When running the snippet of example code below with pandas 2.2.3, I get an error saying KeyError: 'D'
index = pd.MultiIndex.from_tuples(
[('A', 1), ('A', 2), ('A', 3), ('B', 1), ('B', 2), ('B', 2)],
names=['letter', 'number']
)
df = pd.DataFrame({'value': [10, 20, 30, 40, 50, 60]}, index=index)
idx = pd.IndexSlice
result = df.loc[idx[['A', 'D'], [1,2]], :]
Does pandas offer any alternatives for searching a multi-index with values that don't exist?
If I run the same code using pandas 1.5.3, I get the expected value:
value
letter number
A 1 10
2 20
When you run this code with pandas 1.5.3
you should in fact receive a FutureWarning
:
FutureWarning: The behavior of indexing on a MultiIndex with a nested sequence of labels is deprecated and will change in a future version.
series.loc[label, sequence]
will raise if any members of 'sequence' or not present in the index's second level. To retain the old behavior, useseries.index.isin(sequence, level=1)
(Note that it should read: "are not present".)
So, let's indeed use Index.isin
to allow boolean indexing:
m = (df.index.isin(['A', 'D'], level='letter')

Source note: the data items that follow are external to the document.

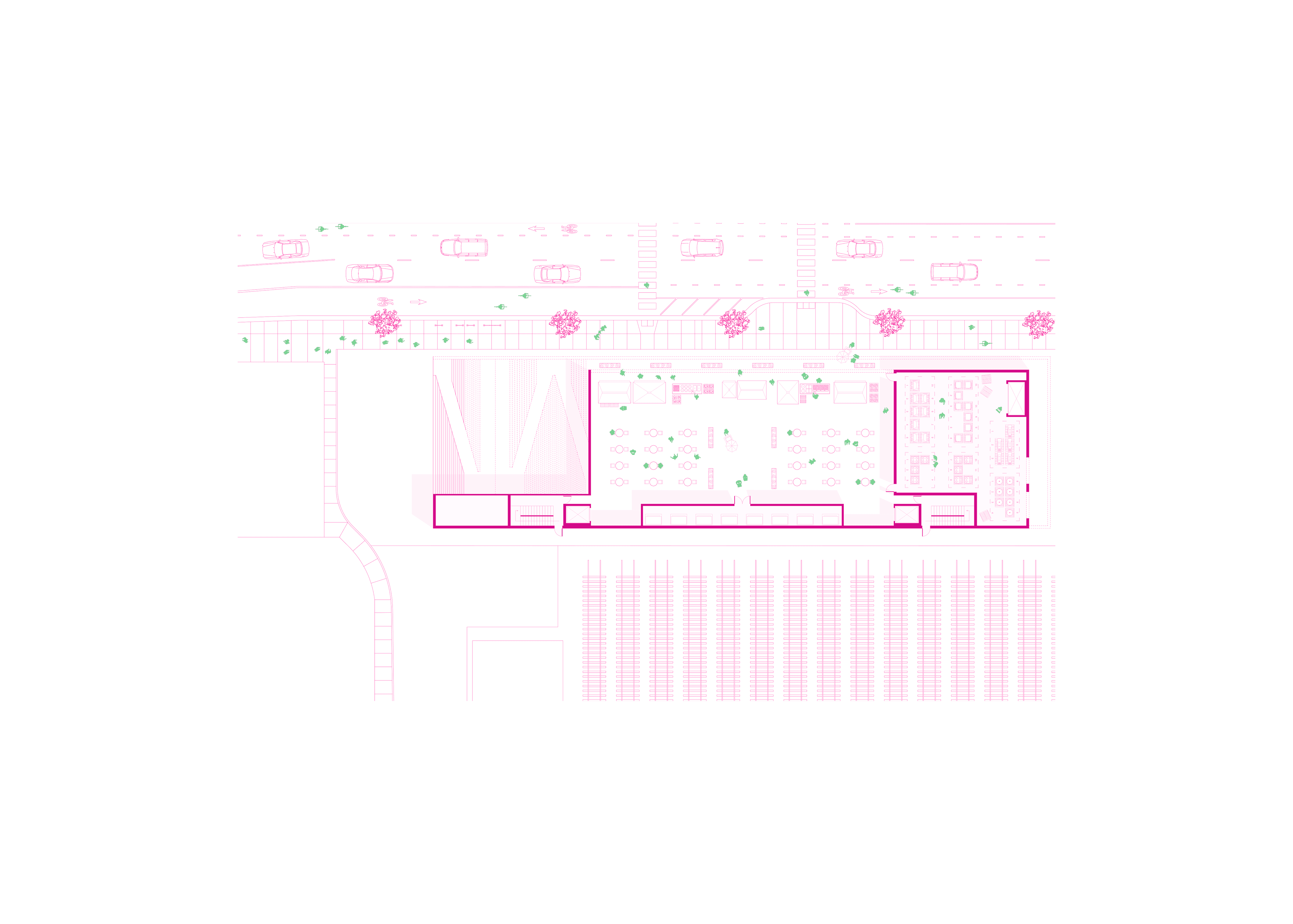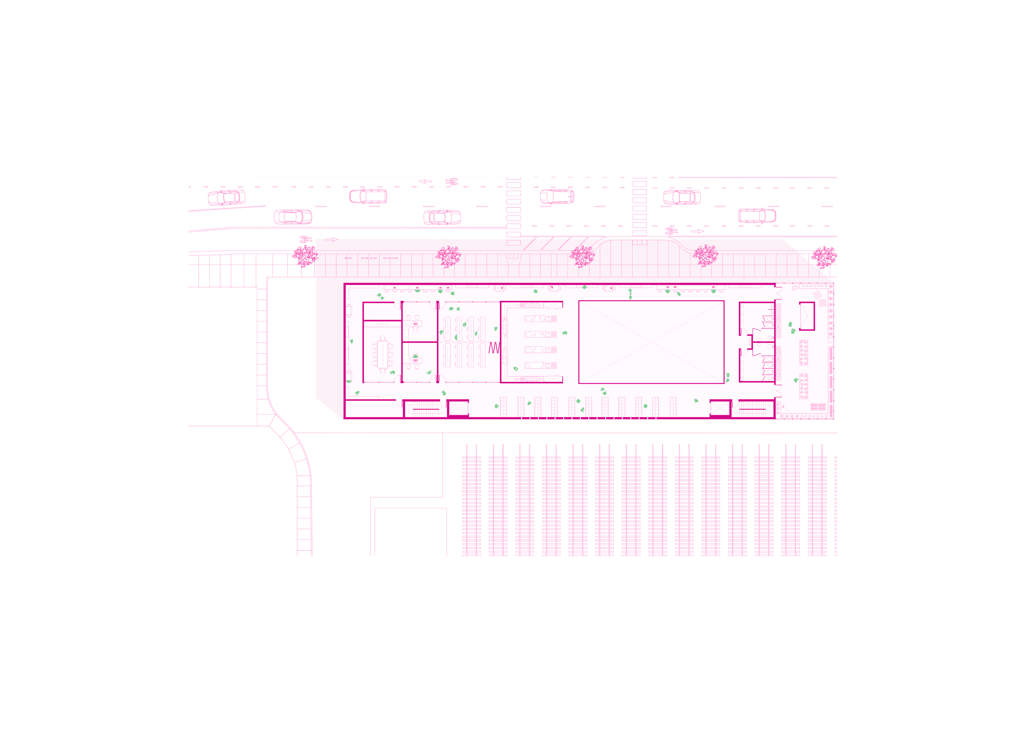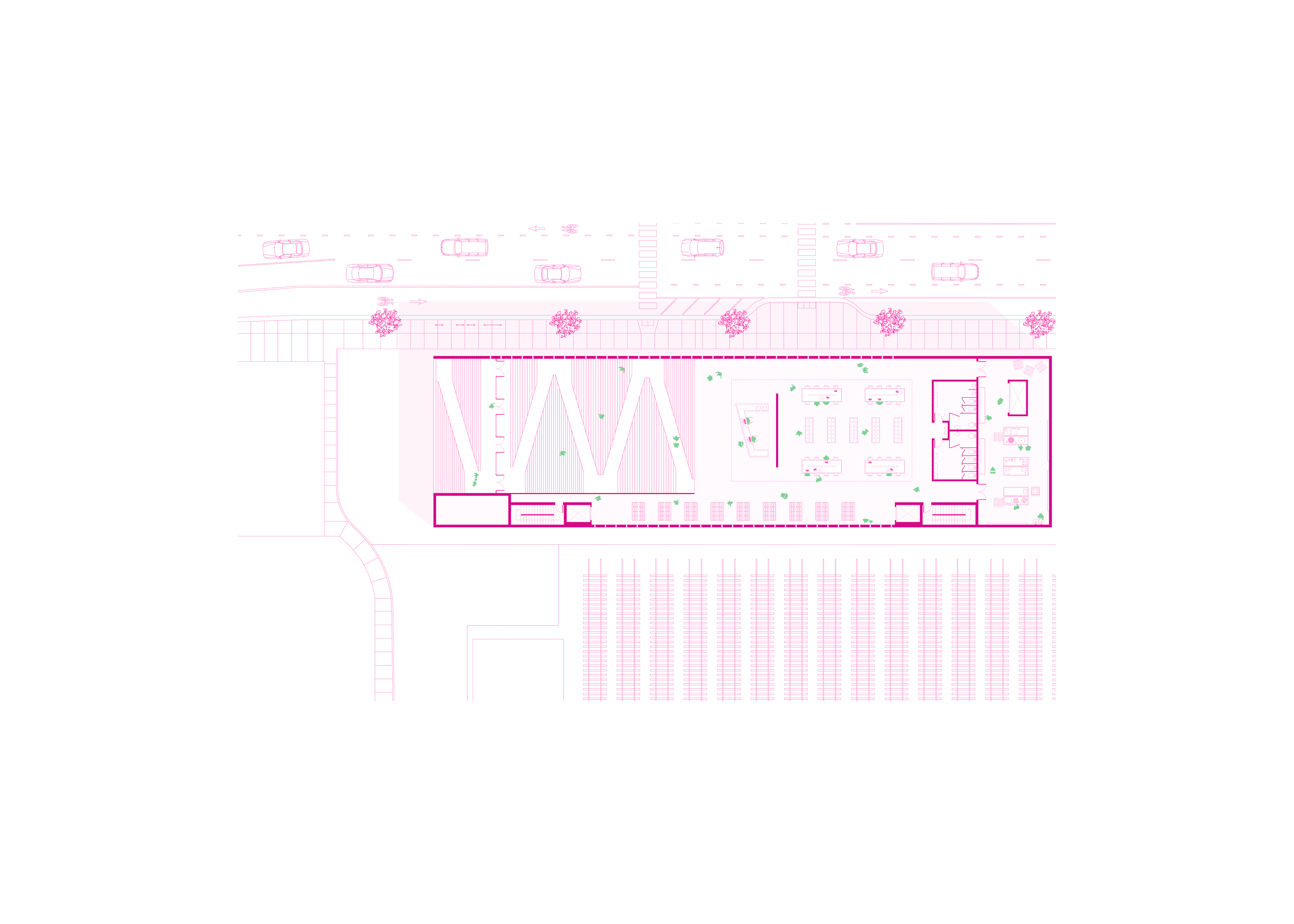 Located in Albany Park, IL, La Cocina is a culinary library that serves as a beacon for community engagement—inviting residents to gather, exchange dishes across cultures, and celebrate the art of cooking. Its inventory ranges from small-scale items such as utensils and recipe booklets to larger equipment like grills and smokers, all specially curated to reflect the diverse cultural fabric of Albany Park. The building’s entry is oriented toward the neighborhood’s primary transportation hub and articulated with bold architectural gestures to draw commuters inward. As users move through La Cocina, they experience moments of compression and expansion, guided by light that animates the interior and enriches their spatial journey.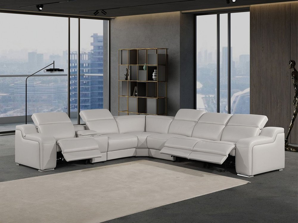 Made of the highest quality, supple leather, this light gray italian leather power reclining curved seven piece corner sectional with... Read more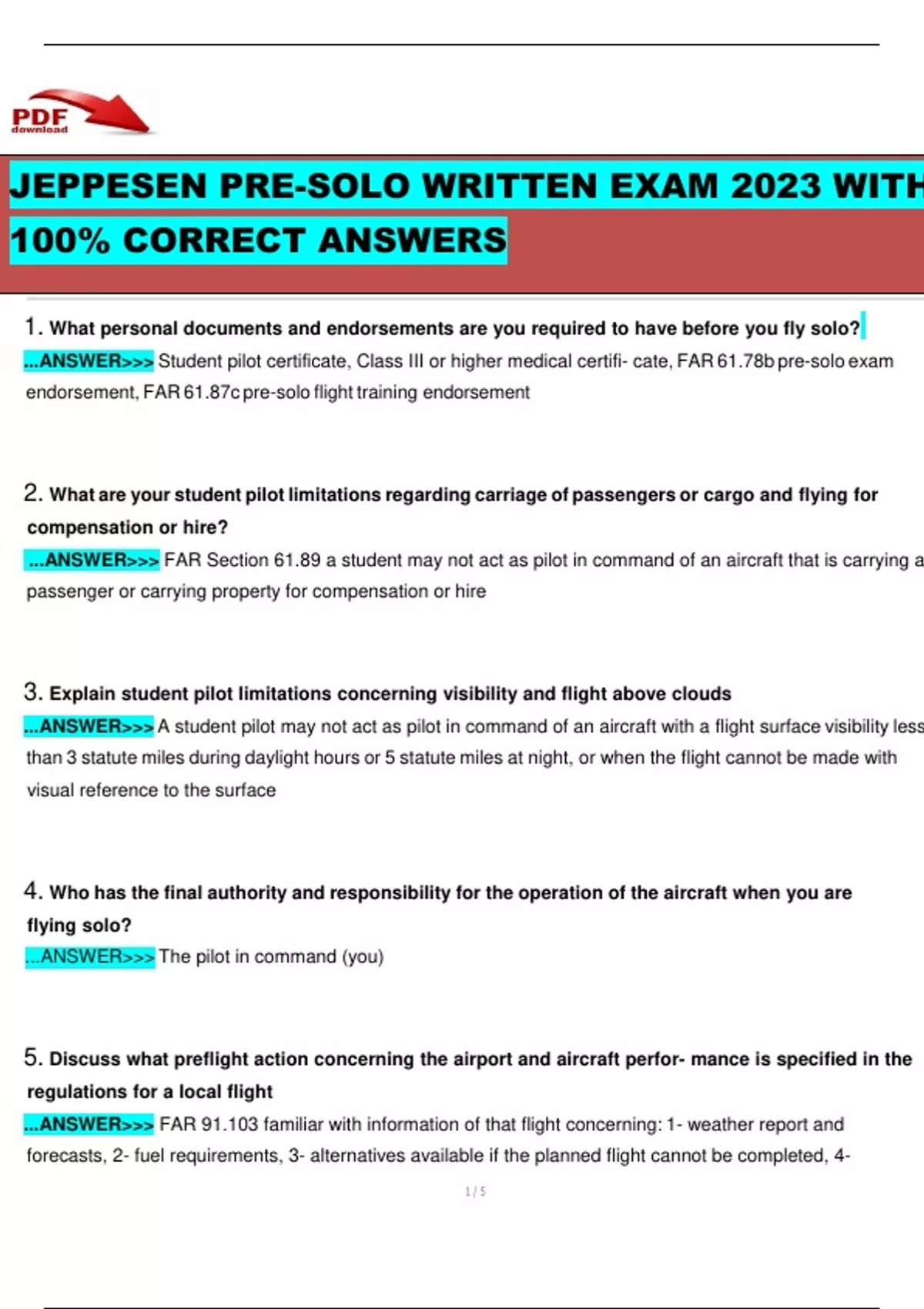 1. What personal documents and endorsements are you required to have before you fly solo?
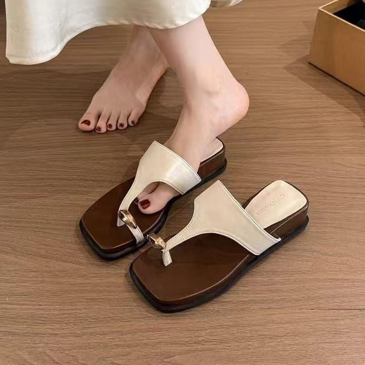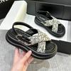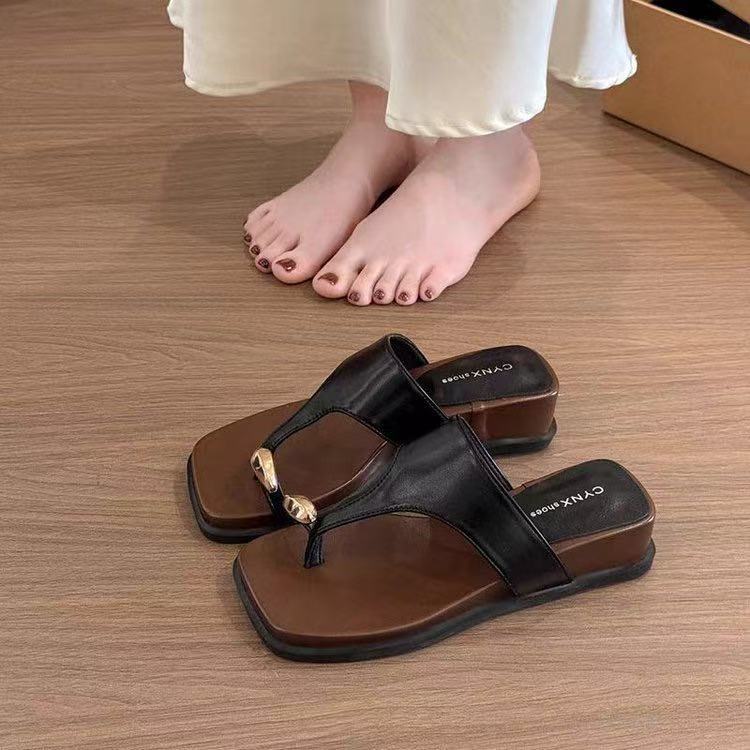 Sandalias y pantuflas de dedo con plataforma gruesa para aumentar la altura para mujer, verano para exteriores, nuevo estilo 2025, combinan con falda, tacón de cuña, sandalias de playa, chanclas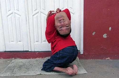 巴西男子Claudio Vieira de Oliveira现年37岁。从出生开始,他就是个极其罕见的残疾人:正常人头顶朝上,下巴冲下,但他却是完全相反的状况。与此同时,他的关节严重畸形,在移动肢体时异常痛苦。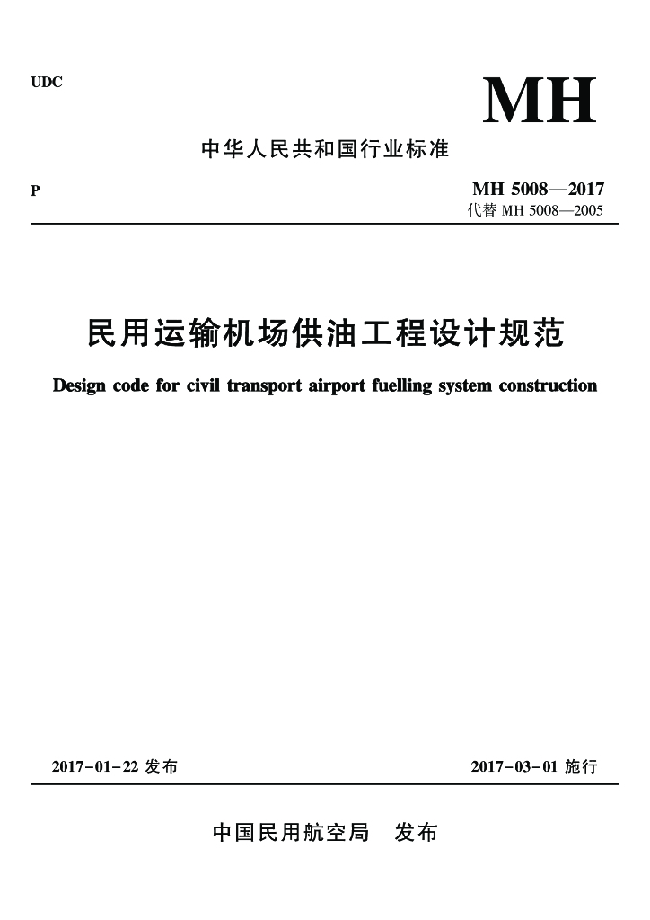MH 5008-2017 民用运输机场供油工程设计规范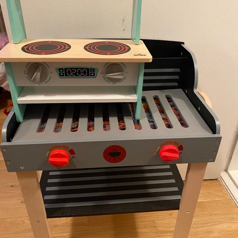 En stor kasse med legemad, køkkenmaskiner og kasseapparat mm. En blanding af træ, plastik og elektronik. Til legekøklenet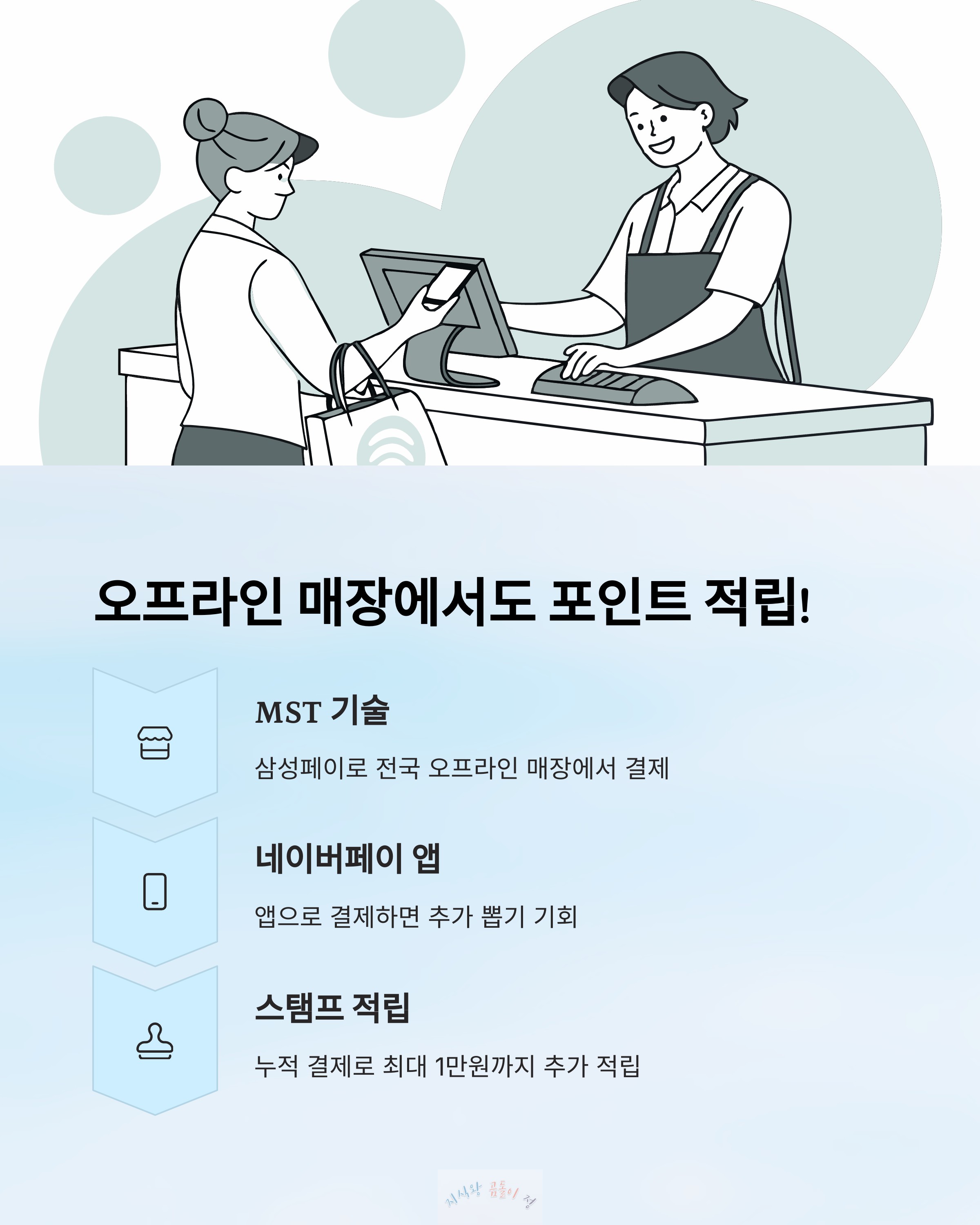 삼성페이 MST 기술 덕분에 전국 오프라인 매장에서 그냥 삼성페이로 결제하면 되고, 포인트는 네이버페이 앱에서 따로 뽑기하면 쌓이는 구조예요.

& df.index.isin([1, 2], level='number'))
out = df.loc[m, :]
Output:
value
letter number
A 1 10
2 20
If you have many different conditions, you could consider creating a dictionary and use np.logical_and
+ reduce
:
dict_isin = {
'letter': ['A', 'D'],
'number': [1, 2]
}
m = np.logical_and.reduce(
[df.index.isin(v, level=k) for k, v in dict_isin.items()]
)
out2 = df.loc[m, :]
out2.equals(out)
# True